Pelo contrário, é a porta da saída do economicismo a única capaz de representar a salvação, não apenas psicológica e física, mas também espiritual (do homem e do mundo). O homem deve ter o tempo de aprender o valor intrínseco de si, do mundo e, principalmente, da relação orgânica e do propósito existencial que há entre ele e o mundo. Homem e mundo são um só, ambos devem cooperar; no entanto, a natureza, sempre passiva, está sempre aberta à cooperação, é o homem que, em seu crime, sua vontade de satisfazer seu ego, escraviza e, com isso, condena a si mesmo. O mesmo se dá com a sociedade: na medida em que for escravizada pelos desejos tirânicos dos indivíduos (e "minorias"), destrói a vida de todos e anula a existência. E percebamos aqui que a sociedade de massa, o coletivismo, é apenas outro aspecto do individualismo: ambos evidenciam a anulação da vida humana, da pessoa humana. Um coletivo não é outra coisa que um conjunto de átomos (indivíduos).

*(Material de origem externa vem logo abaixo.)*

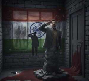 उसने देखा कि गलियारे की दीवारों पर पुराने ज़माने के सिपाहियों की परछाइयां दिख रही थीं। उनके हाथों में बंदूकें थीं और वे सब विक्रम की तरफ देख रहे थे। उनकी आंखों की जगह सिर्फ खाली अंधेरा था।”तुम कौन हो? मुझसे क्या चाहिए?” विक्रम चिल्ला पड़ा। तभी एक भारी और डरावनी आवाज़ गूंजी: “हमें सलामी चाहिए, विक्रम। उस मिट्टी की, जिसे तुमने चंद पैसों के लिए बेच दिया।”विक्रम ने देखा कि हॉल के बीच में लगा हुआ वह तिरंगा धीरे-धीरे बड़ा होने लगा। उसका कपड़ा पूरे हॉल में फैलने लगा।

No contexto social, é o patriotismo que salva: o amor à terra, aos compatriotas, faz o homem descobrir a relação viva que tem com o mundo e com os homens; ali ele descobre o fundamento existencial e percorre o caminho que cabe à alma humana. A aproximação com a natureza o faz descobrir a vida dessa relação homem-mundo - então surge o respeito e o cuidado pela natureza, a contemplação e o carinho pela fauna e flora, a preservação das florestas, dos rios, aquíferos e bacias, o conhecimento simbólico das montanhas, grutas e cavernas; e tudo isto dá sentido ao homem, preenche também, e eleva, os prazeres dos sentidos. O amor conjugal (união metafísica entre o polo masculino, ativo, retilíneo e agudo, e o feminino, passivo, curvilíneo e esférico) é natural e real, supera as conveniências e o objetivo individual; as águas não são poluídas, as feras não são vingativas, e a simplicidade mostra-se superior às ambições individuais, que requerem tecnologia e produção em massa, escravidão da natureza e do homem.

A esfera pública sente a bondade humana, não impede um chefe e um líder de braço forte, mas até o prefere, como a um pai que não apenas controla, mas ensina, guia. O espaço público, sendo fundamento da ordem e da felicidade geral, é embelezado e preservado: a pessoa tem interesse e colabora para a limpeza das ruas, para a construção de monumentos, para salvar a vida dos compatriotas e auxiliá-los em momentos de dificuldade. O voluntarismo é maior - todos sabem que sua felicidade defende do cuidado e do respeito por tudo aquilo que envolve a vida humana e do que ela depende, e não da extração e escravidão de tudo isso com fins individuais.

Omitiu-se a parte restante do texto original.